A crowd of more than 20 people ended up lying outside the entrance of the Rutgers Student Center on the College Avenue campus the first night of the news breaking. The chants were, "We're here. We're queer. We want safety in our homes." The mistake was that Clementi's death should not have been turned into a lesbian, gay, bisexual and transgender protest for gay rights and safe spaces at the University. Robert O'Brien, Department of Anthropology assistant instructor, led the rally as he chanted, "Not safe in dorms, not safe at Rutgers." Essentially, an angry mob fending for their rights turned the death of a young boy into a cause for "safe spaces" for gays across the University - all the while, these spaces already existed. We have groups across campus that deal with students' psychological difficulties—17 Seconds is one that deals with suicides—as well as groups that address their sexual orientation. We have these spaces, and the University community is diverse enough to provide students with whatever it is they need.
The focal point of Clementi's tragic death should have been a boy's inability to deal with the hardships of life. And yet the news and certain organizations picked this up and carried it into the ranks of general causes for major social groups—for their profit. Did Tyler really feel unsafe after all? Do we know the reason behind his suicide? Do we know if he, himself, would take part in the movement behind his death—the push for safe spaces?
It is disappointing that everyone from news to celebrities picked up the story. Actress Brittany Snow and actor Neil Patrick-Harris are just two of the many celebrities belittling Clementi's death—forcing his remembrance into a cause rather than a proper mourning.
We did not know Tyler. It was barely three weeks into his first year at the University, and most of his neighbors in his residence hall barely knew him. Turning his death into a push for gay rights is a fallacy. Homosexuality is not the only reason for which people kill themselves. In this case, it might have pushed Clementi over the edge, but the fact that he was gay should by no means turn his death into a march for safe spaces. These groups want to be heard. They want the attention. They want their agendas to shine in the limelight.

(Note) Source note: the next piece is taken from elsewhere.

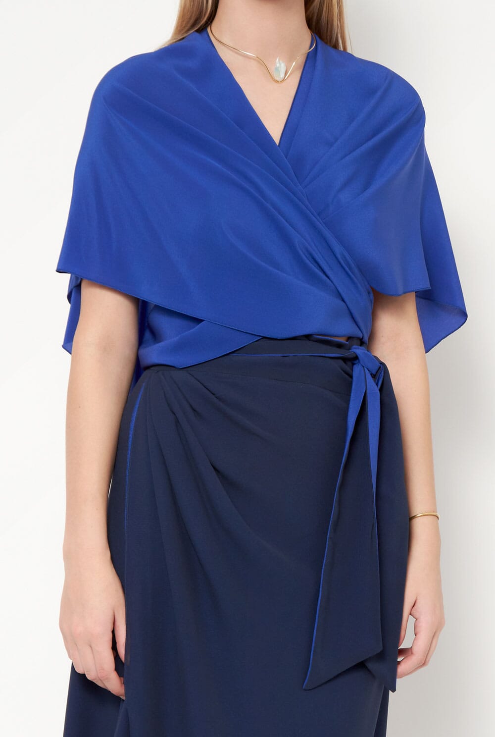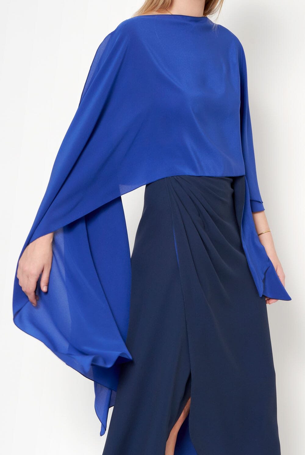 La «Olga» es una capa de crepé 100% seda. Su diseño asimétrico permite anudarla en cualquier parte del cuerpo y utilizarla de muchas formas diferentes.

Instead, we should address that the signs of a suicidal 18-year-old kid were unseen and went unnoticed, not "We want safety in our homes." We have the safety, or as much of it as we together as a University community can in today's world. What we need is to notice those of us who need help and help them. Entertainers stay away. O'Brien leave the issue alone. Let us—family, friends and the University together—mourn for Clementi, and just for him, rather than using him as a martyr for a cause that has yet to be proven.